MPR Photo/Cara Hetland

"I would guarantee you that the Citicorp folks did not know that their initial decision to come out here would lead to what we have here today: 3,200 employees, 118 million accounts on our books in South Dakota, $120 million annual payroll," says Nachtigal. "Nobody could have envisioned that we would have grown into what we are today," he says.

Citibank gave city leaders a success story they used to invite other businesses. By 2004, there were 26 customer service operations in Sioux Falls involved in credit card processing, insurance claims and telemarketing.

Over the two decades following Citibank's arrival, job growth in Sioux Falls ran at nearly double the rate of the Twin Cities.

Personal income per capita, a broad measure of prosperity, grew faster in Sioux Falls than in the U.S. as a whole.

Sioux Falls' population grew 11 percent in the 1980s and 22 percent in the 1990s, making Sioux Falls the fastest growing city in South Dakota and all of its bordering states.

Doug Hajek
Doug Hajek is a Sioux Falls banking lawyer and former banker. He was in the room when bankers decided to ask lawmakers to scrap the usury limit.
MPR Photo/Cara Hetland

Lawyer Doug Hajek says changes happened as soon as Citibank arrived.

"Their demands for all kinds of services were just tremendous. Just over night our postal facility has to deal with million and millions of pieces of mail.

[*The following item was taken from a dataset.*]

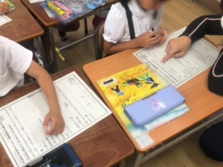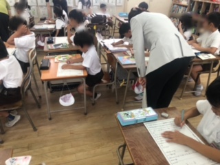 講師の先生が机をまわって子どもたちの書いた内容をていねいに見ておられます。

Computer suppliers, office stores, furniture companies, paper companies, federal express. There was an unbelievable impact," says Hajek.

But it's difficult to find a business in Sioux Falls that says it is successful just because Citibank came to town. The owner of one office supply business says stores competed for the business but didn't make a lot of money supplying Citibank because the company was able to command low prices. Now Citibank doesn't even buy supplies locally.

And not everyone agrees Citibank's arrival was the main engine behind Sioux Falls' growth.

A heart monitor beeps in the emergency room of Avera Heart Hospital, South Dakota's first specialty hospital. The three story building went up on the other end of town from Citibank five years ago. What was once a lone building in the middle of a farm field is now surrounded by new development. Again.

Avera Heart Hospital
The Avera Heart Hospital is South Dakota's first speciality hospital. Health care is one part of the service industry which is booming in Sioux Falls.
MPR Photo/Cara Hetland

University of South Dakota Economics Professor Ralph Brown says the end to the usury limit wasn't the only important change state lawmakers made.

"The other is the decision by the state to have a four-year medical school which led to the expansion of hospitals and health care and that ends up predominately in Sioux Falls," says Brown. "And the thing about those events is the expansion of the service sector and that's where the employment and jobs are," he says.

Brown says Sioux Falls prospered by diversifying its economic base, helped by the lack of a personal or corporate income tax. He says Sioux Falls reduced its reliance on manufacturing, an industry long in decline nationally. He says Cities with large manufacturing bases tended to shrink while those concentrated in services grew.

Brown says Sioux Falls has grown into a financial hub, a medical hub and a shopping hub for the region. But he believes much of the development that followed Citibank's arrival was spontaneous.

Brown cautions that while the service industry is where the jobs are now, it's also an industry that's vulnerable to offshore outsourcing. Still, total employment in Sioux Falls continues to grow. Even the John Morrell meatpacking plant announced an expansion project recently.